戦艦の戦術と設計を考え続けた「黄金仮面」宇垣纏〜超弩級戦艦に夢を賭けた宇垣・帝国海軍航空隊「育ての親」山本五十六〜|宇垣纏4・能力・エピソード

前回は「大砲に未来を見出した宇垣纏〜超難関校二つ合格した宇垣と草鹿・宇垣が感じた「航空の未来」・帝国海軍の戦艦の最高権威〜」の話でした。

新歴史紀行
宇垣纏 連合艦隊参謀長(連合艦隊司令長官 別冊歴史読本 新人物往来社)
目次

戦艦の戦術と設計を考え続けた「黄金仮面」宇垣纏

New Historical Voyage
戦艦日向(Wikipedia)

小さな頃から優等生であり続け、全国から優秀な生徒が集まる海兵を優等卒業した宇垣少年。

宇垣纏

海軍は、戦艦の砲撃で
敵を叩き潰すのだ!

海兵の生徒だった頃から、「砲撃が海戦を決める」発想だった大艦巨砲主義だった宇垣。

その風貌からして、いかにも戦闘向きであった宇垣に対しては、

帝国海軍

宇垣には、最前線の
指揮官か参謀が最も相応しい・・・

早い時期に、帝国海軍幹部から、「最前線の指揮官か参謀に」という期待が集められたでしょう。

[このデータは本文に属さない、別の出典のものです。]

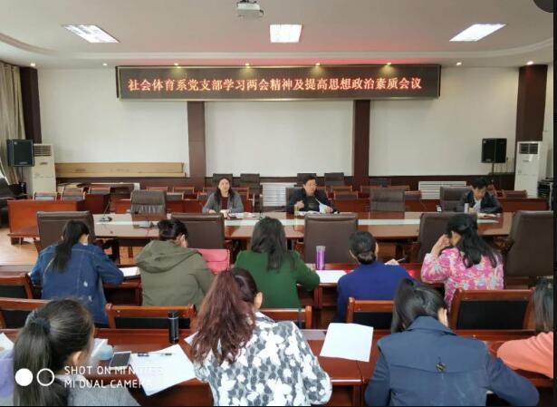 会议主要内容:一是深入学习2018“两会”精神。二是传达中共中央国务院“关于全面深化新时代教师队伍建设改革的意见”。社会体育系党支部书记王艳萍在会上解读了习近平总书记的“十大金句”;强调要坚持以习近平新时代中国特社会主义思想为指引,不断提高思想政治地位,始终把加强党的建设和提高思想政治觉悟作为重中之重,深入学习宣传和贯彻党的十九大精神,特别是要打造一支高素质专业化创新型教师队伍,落实立德树人的根本任务,着力提升社会体育系教师思想政治素质,全面加强师德师风建设。
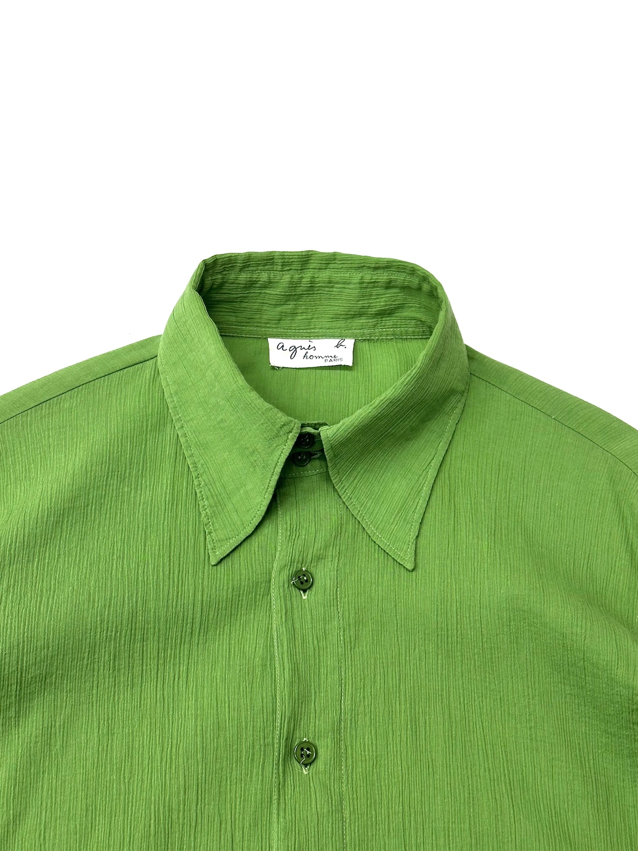 c90's AGNES B. HOMME Paris_Green Crape Slim_Fit SH
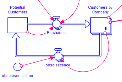 The model is a pricing strategy model for a fictitious (and unspecified) product that uses the array Company to represent three competitors: Google, Amazon and Apple. The model has customers circulating between competitors with departures based on obsolescence and purchased based on the relative attractiveness of each product due to the purchase (one time) and subscription (monthly) prices.
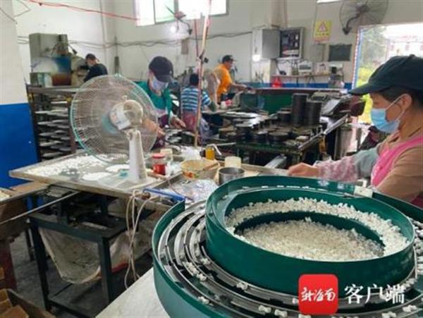 當(dāng)?shù)鼐用裨诂樚伶?zhèn)一家電子陶瓷廠(chǎng)內(nèi)工作。記者 張宏波 攝
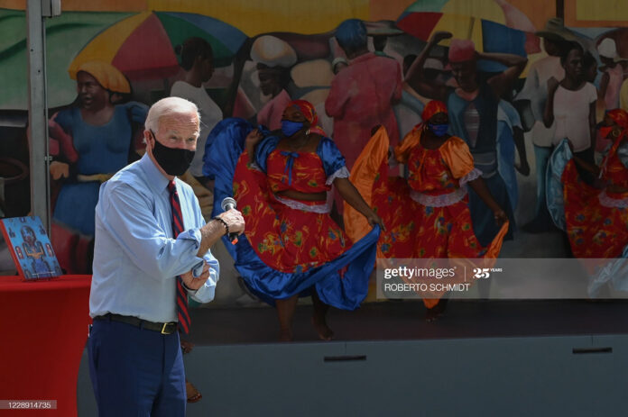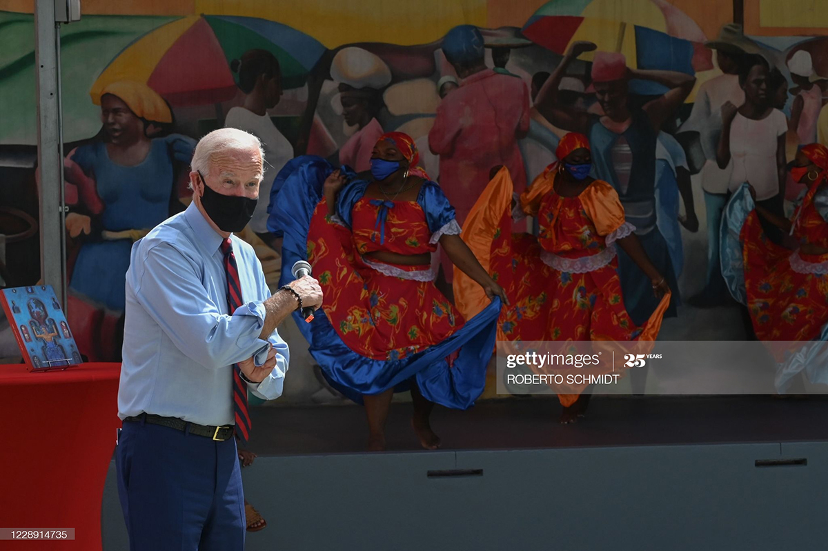 Many Haitians lined the streets outside the Little Haiti Cultural Center in Miami for the Little Haiti Cultural Center in Miami visit of Biden and his wife yesterday. Inside, Biden, welcomed by Haitian dancers, told an audience wearing masks that he is counting on the Haitian American vote to help him swing Florida and win the 2020 presidential election.
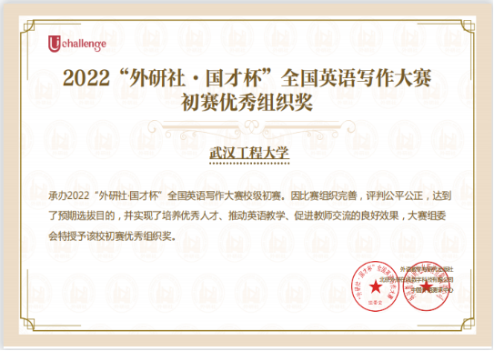 本网讯(通讯员 杨志)2022年10月10日,由外语教学与研究出版社和教育部高等学校大学英语教学指导委员会联合举办、武汉工程大学创新创业学院与外语学院承办的2022年“外研社•国才杯”全国英语写作大赛武汉工程大学初赛在流芳校区顺利举行。
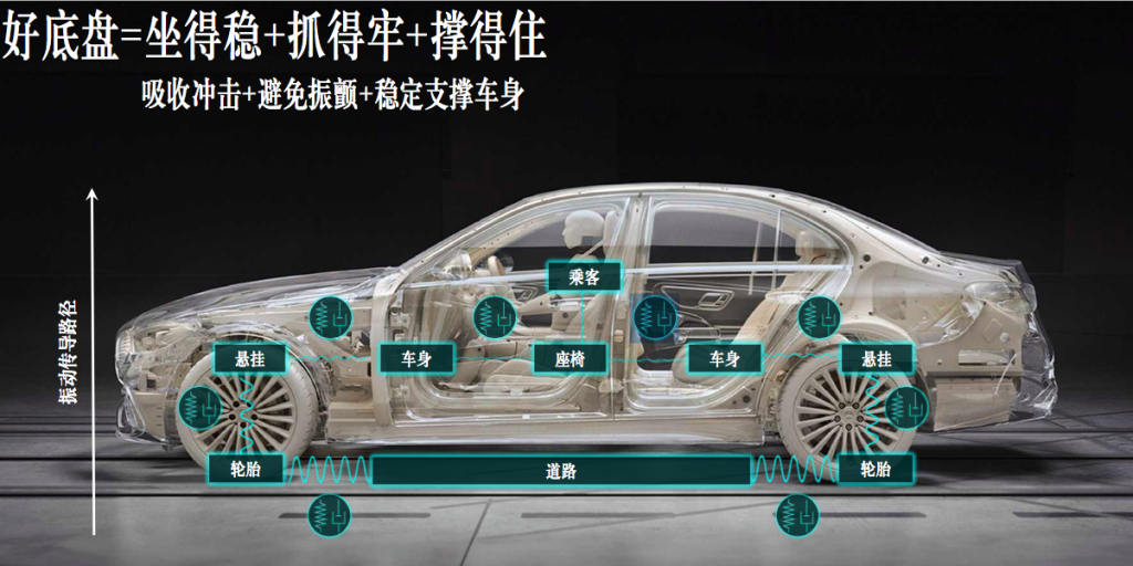 所谓安全感,是指车辆在任何路况下赋予驾驶者的从容自信。掌控感则要求车辆始终保留操作冗余,即使极限状态仍提供渐进反馈;舒适性的核心在于振动传导路径的全局优化——从轮胎相连的初级弹簧阻尼系统到悬架,再到车身,再到座椅,最终到达乘员身体,每个环节均需精准适配。
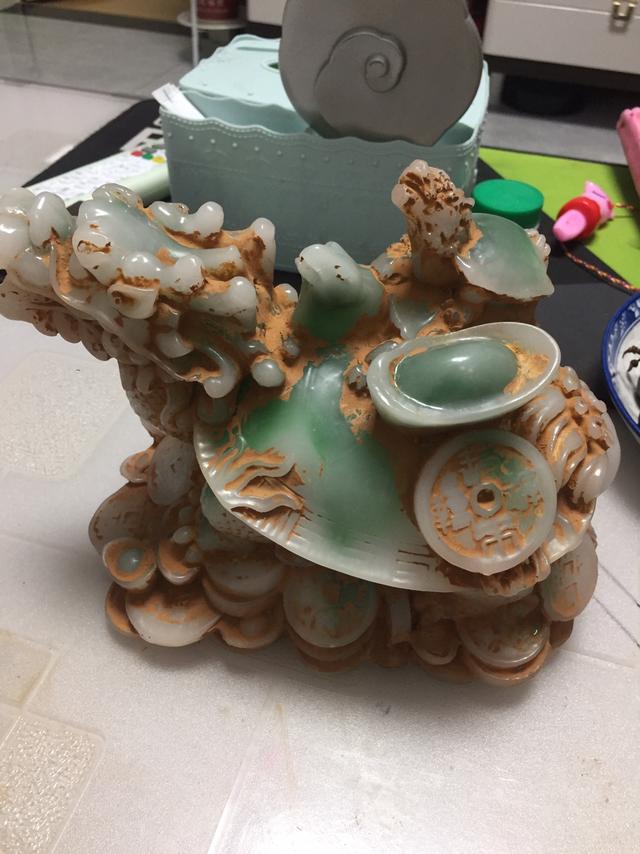 这就是一个树脂合成工艺艺品,该物件通过颜色调合着色,做成仿玉产品,再加上特别作旧,给人们的视觉好像年代很久,其实,不然,说好听的就是个工艺品。

限られた一握りの超エリートだけが進むことが出来る、海軍大学校を卒業した宇垣は、

宇垣纏

今後の戦艦は、
どのような作りがベストか・・・

戦艦を含め、「無限の可能性」がある艦船の設計。

その艦船の設計は海軍省の所轄でしたが、影響力が最も強かったのは、軍令を握る軍令部でした。

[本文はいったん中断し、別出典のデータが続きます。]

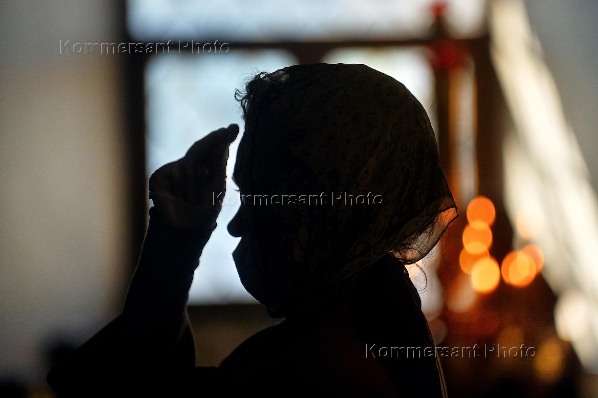 Религия Москва во время режима самоизоляции из-за опасности распространения коронавирусной инфекции COVID-19. С 6 июня храмы Москвы открыты для прихожан. Высоко-Петровский монастырь открытый для прихожан. Жанровая фотография. Богослужения в Сергиевском храме.
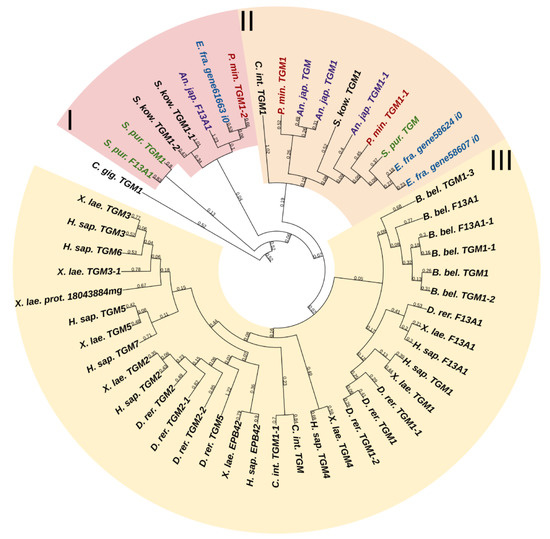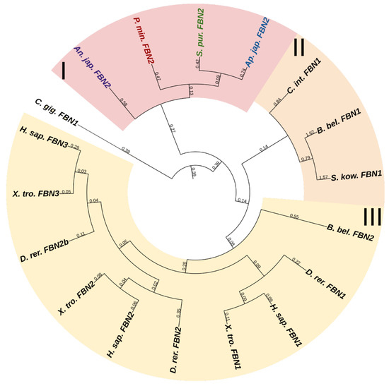 Phylogenetic trees showing the relationships of fibrillins of chordates, hemichordates, and echinoderms. Crinoids (Anneissia japonica)—purple color; asteroids (Patiria miniata)—red color; echinoids (Strongylocentrotus purpuratus)—green color; holothurians (Apostichopus japonicus)—blue color; hemichordates (Saccoglossus kowalevskii) and chordates (Ciona intestinalis, Branchiostoma belcheri and Homo sapiens)—black color. Groups of proteins (I–III) are marked with colored areas.
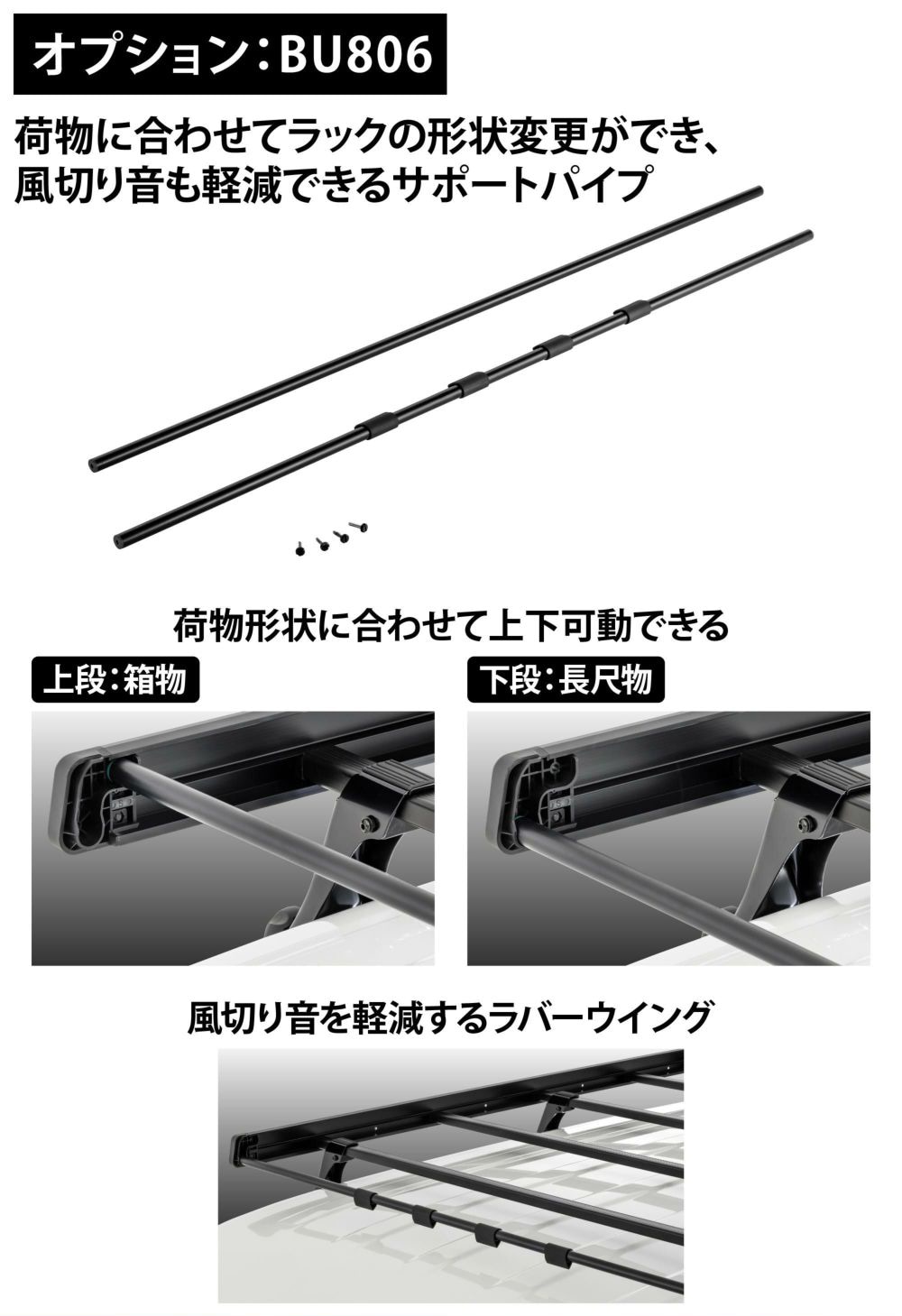 | キーワード | カーメイト ローダウンラック エブリイ ハイゼット BU702用サポートパイプ BU806 INNO 樹脂被膜仕様 ブラック 上下可動 風切り音を軽減 ラバーウイング |

海軍大学校(海大)を出た後、海大教官に就いた宇垣は、

宇垣纏

やはり、戦艦は
もっと高速でなければならんな・・・

宇垣纏

このようにして、
戦艦を高速にしてはどうか・・・

「戦艦の高速化」などを一生懸命考えて、具体的なアイデアを練りました。

そして、戦艦日向艦長や第二戦隊参謀などを務めた宇垣。

組織職務
海軍省軍政・人事
軍令部軍令
連合艦隊最前線の海軍戦闘部隊
帝国海軍の組織と職務

海軍においては、大きく分けて、海軍省・軍令部・連合艦隊の三つの組織がありました。

ほとんどの将官は、このうち「二つの組織に属すること」が多かった当時。

帝国海軍

宇垣は、海軍省は
合わないだろう・・・

帝国海軍

とにかく、宇垣には
我が海軍の戦艦を任せたい・・・

頭の良かった宇垣は、海軍省に行けば、「相応の働き」をしたのは間違いありません。

それでも、帝国海軍上層部の意向もあり、宇垣は「戦艦と作戦」を軸とする人生を歩み続けました。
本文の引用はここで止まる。